» Task statement
Exact copy, pictures excluded: write out every line below.

Records drawn from a dataset
* * * * * * * * *

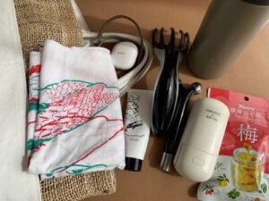マッサージ系以外は普段の夏のお出かけでも持ち歩くもの。これに折り畳みの日傘か帽子とサングラスかを追加する感じ。
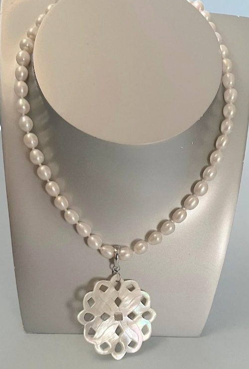Lenox Mother of Pearl Pierced Flower Pendant and similar items
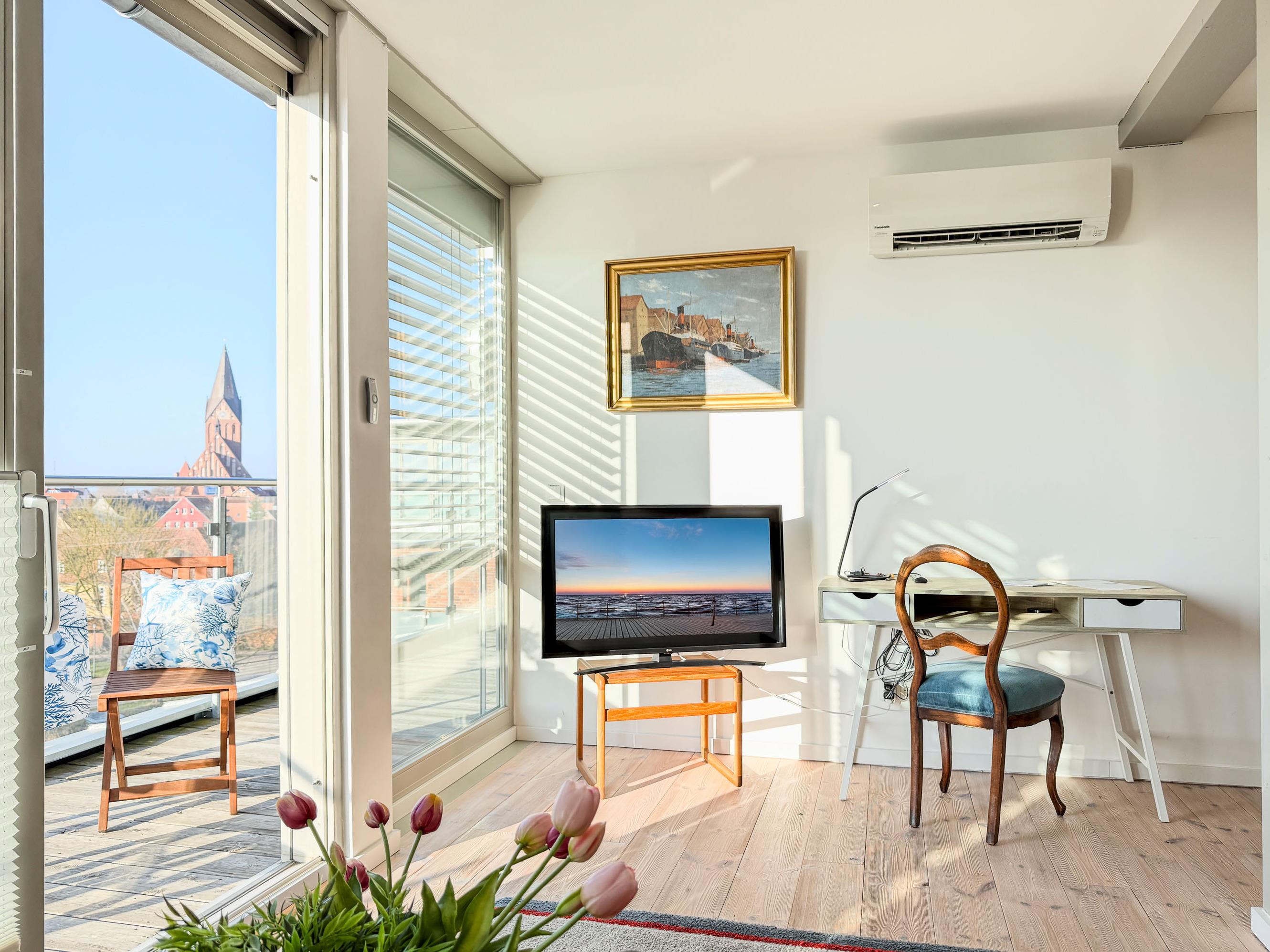Die Speicherresidenz App. 5.11 empfängt Sie mit einer einladenden Atmosphäre. Der gemütliche Wohnbereich mit Schlafsofa und Sitzgruppe lädt zu entspannten Abenden ein. In der voll ausgestatteten Küchenzeile können Sie Ihre Lieblingsgerichte zubereiten und diese anschließend auf dem Südbalkon genießen. Das separate Schlafzimmer bietet erholsamen Schlafkomfort, während das moderne Badezimmer mit ebenerdiger Regendusche zusätzlichen Komfort bietet.
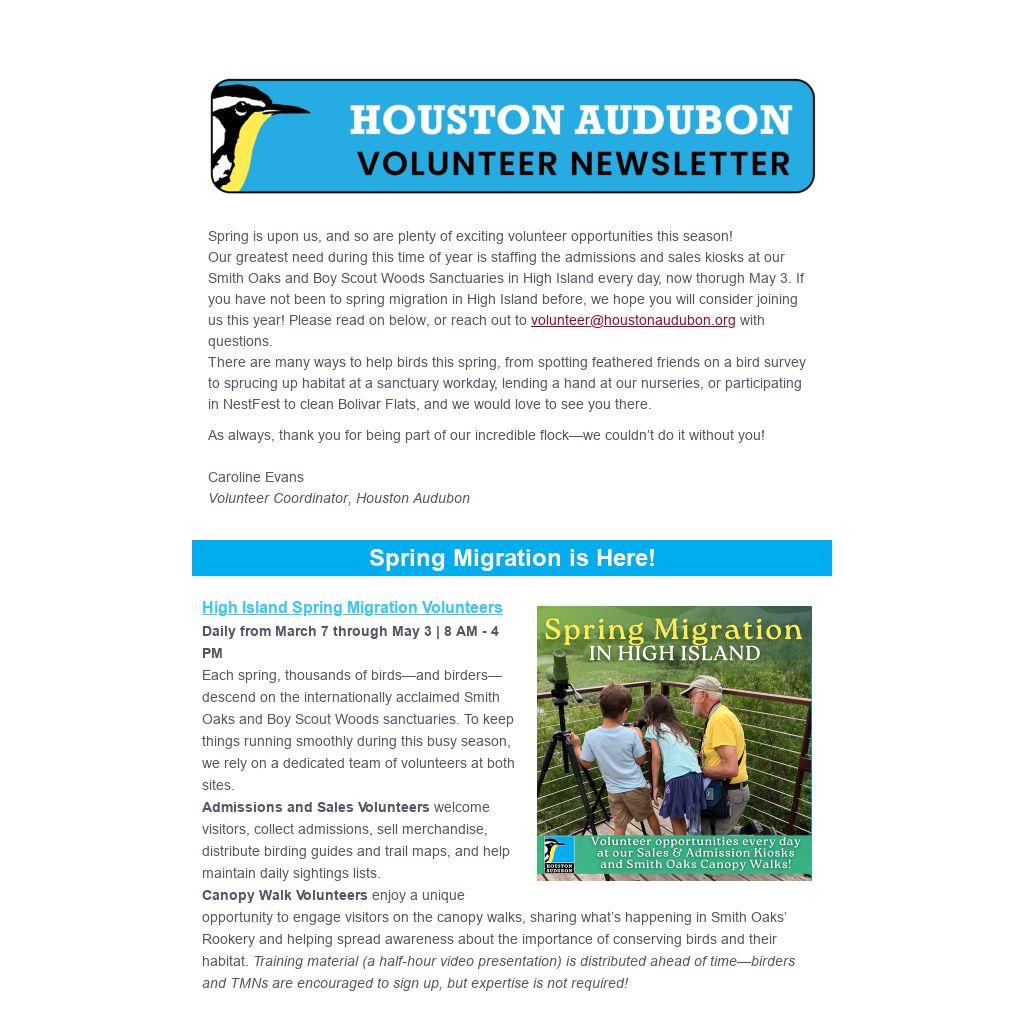 Spring is upon us, and so are plenty of exciting volunteer opportunities this season! Our greatest need during this time of year is staffing the admissions and sales kiosks at our Smith Oaks and Boy Scout Woods Sanctuaries in High Island every day, now thorugh May 3. If you have not been to spring migration in High Island before, we hope you will consider joining us this year! Please read on below, or reach out to volunteer@houstonaudubon.org with questions. There are many ways to help birds this spring, from spotting feathered friends on a bird survey to sprucing up habitat at a sanctuary workday, lending a hand at our nurseries, or participating in NestFest to clean Bolivar Flats, and we would love to see you there.
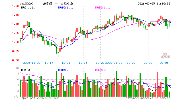 3月5日,截止午间收盘,TMT50ETF招商(159909)涨2.59%,报1.108元,成交额187.10万元。TMT50ETF招商(159909)重仓股方面,中际旭创截止午盘涨6.39%,新易盛涨11.75%,立讯精密涨2.48%,北方华创涨3.90%,胜宏科技涨1.77%,京东方A涨3.47%,中兴通讯涨3.14%,海康威视涨1.88%,东山精密跌1.23%,沪电股份涨1.79%。
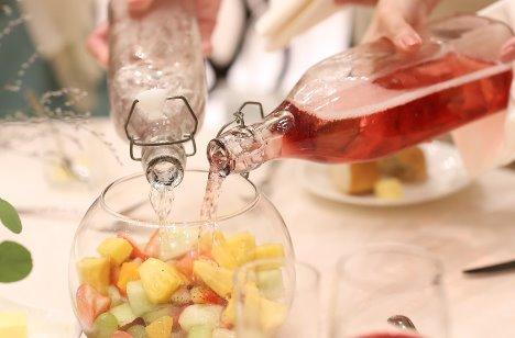 8月という季節感と、ゲストへのおもてなしを、というお二人のご要望から、フルーツポンチラウンドをご提案しました。 色とりどりのフルーツに、ソーダを注ぎながらテーブルをラウンドしていき、ゲストの皆様にはスペシャルデザートとしてお召し上がりいただきました♪
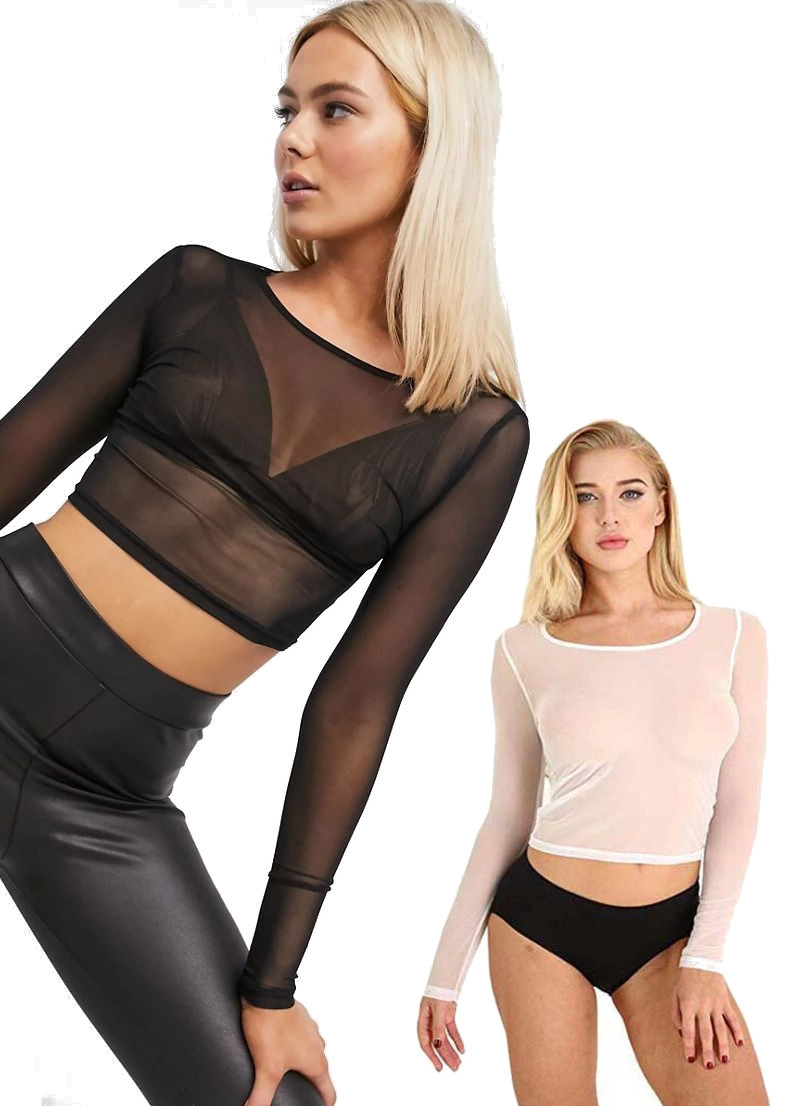 Футболка выполнена из приятной к телу прозрачной микросетки. Материал очень эластичный

* * * * * * * * *

» Response below
マッサージ系以外は普段の夏のお出かけでも持ち歩くもの。これに折り畳みの日傘か帽子とサングラスかを追加する感じ。
Lenox Mother of Pearl Pierced Flower Pendant and similar items
Die Speicherresidenz App. 5.11 empfängt Sie mit einer einladenden Atmosphäre. Der gemütliche Wohnbereich mit Schlafsofa und Sitzgruppe lädt zu entspannten Abenden ein. In der voll ausgestatteten Küchenzeile können Sie Ihre Lieblingsgerichte zubereiten und diese anschließend auf dem Südbalkon genießen. Das separate Schlafzimmer bietet erholsamen Schlafkomfort, während das moderne Badezimmer mit ebenerdiger Regendusche zusätzlichen Komfort bietet.
 Spring is upon us, and so are plenty of exciting volunteer opportunities this season! Our greatest need during this time of year is staffing the admissions and sales kiosks at our Smith Oaks and Boy Scout Woods Sanctuaries in High Island every day, now thorugh May 3. If you have not been to spring migration in High Island before, we hope you will consider joining us this year! Please read on below, or reach out to volunteer@houstonaudubon.org with questions. There are many ways to help birds this spring, from spotting feathered friends on a bird survey to sprucing up habitat at a sanctuary workday, lending a hand at our nurseries, or participating in NestFest to clean Bolivar Flats, and we would love to see you there.
 3月5日,截止午间收盘,TMT50ETF招商(159909)涨2.59%,报1.108元,成交额187.10万元。TMT50ETF招商(159909)重仓股方面,中际旭创截止午盘涨6.39%,新易盛涨11.75%,立讯精密涨2.48%,北方华创涨3.90%,胜宏科技涨1.77%,京东方A涨3.47%,中兴通讯涨3.14%,海康威视涨1.88%,东山精密跌1.23%,沪电股份涨1.79%。
 8月という季節感と、ゲストへのおもてなしを、というお二人のご要望から、フルーツポンチラウンドをご提案しました。 色とりどりのフルーツに、ソーダを注ぎながらテーブルをラウンドしていき、ゲストの皆様にはスペシャルデザートとしてお召し上がりいただきました♪
 Футболка выполнена из приятной к телу прозрачной микросетки. Материал очень эластичный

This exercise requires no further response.